5. A closer look at natural selection. First of all, we will define natural selection as the differential reproduction of genotypes. There are also four key components to natural selection.

  1. The initial statements that Darwin makes is that organisms have the tendency to over reproduce.

  2. Fortunately, there are environmental restrictions (such as limited resources, space, disease, etc.) that lead to ...

  3. A [metaphorical] struggle for existence (competition).

  4. Genetic (heritable) variation within populations means that some individuals have characteristics that make them more likely to have offspring or have more offspring that survive to reproduce.

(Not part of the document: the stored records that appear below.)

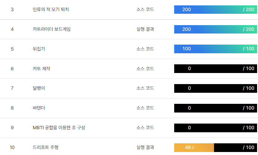 MBTI, 바텐더 정도로 부분점수 긁고 마지막은 걍 노가다나 해야겠다.
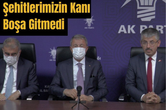 Milli Savunma Bakanı Hulusi Akar, Kayseri’de yaptığı ziyaretlerine AK Parti Kayseri İl Başkanlığında devam etti. Cumhurbaşkanı Recep Tayyip Erdoğan ve 81 il teşkilatının online bayramlaşmasına katılan Bakan Akar, toplantı öncesi yaptığı açıklamasında “Şehitlerimizin kanlarının yerde kalmaması için kararlılıkla mücadelemizi sürdürüyoruz” dedi.
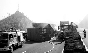 12月12日上午11时许,浙江省甬(宁波)金(金华)高速公路绍兴段发生一起严重交通事故,两辆集装箱半挂车、两辆轿车和一辆危险化学品运输车发生追尾,造成6人死亡。 新华社发(张亮宗 摄)

As a result of these four conditions, adaptive traits will persist (this is Natural Selection)

 

Activity: Use the links on Natural Selection from SciLinks (look to the right) and then download this pdf file (you'll need adobe reader) to help you assess the value of two resources on this topic.

 

 

Interestingly, if you tie in the idea that the environment always changes (thus changing the environmental restrictions), the result is the selected trait changes and this is Evolution!

 

 

6. Modern areas of study have provided evidence of and applications for evolutionary biology.

  1. Artificial selection. A new area of study looks at how human activity is influencing selective pressures on the Earth's organisms. For example, habitat loss, climate change, over harvesting, pollution, and genetic modification are human activities that have immense and profound consequences for the species on this planet. With extinction rates, currently rivaling that which took place 65 mya, societies are at a critical juncture in human history - asking the question "What next?".

  2. Modern evidence:

    1. Geographic distribution of living species. Different and similar selective pressures mean that related species living in different geographic areas may have evolved very unique and dissimilar adaptations. At the same time, unrelated species may have evolved similar adaptations to address similar environmental conditions.

    2. Homologous body structures. Structures that appear different in adult forms (i.e. flippers and wings) derive from the same embryonic tissues and have similar bones.

    3. Embryology. Scientists once thought that 'phylogeny recapitulates phylogeny'. This means that similar embryonic developmental patterns were evidence of evolution and ancestry. This is not the case. Rather, embryonic development is simply evidence of common developmental patterns and the conservative nature of evolution.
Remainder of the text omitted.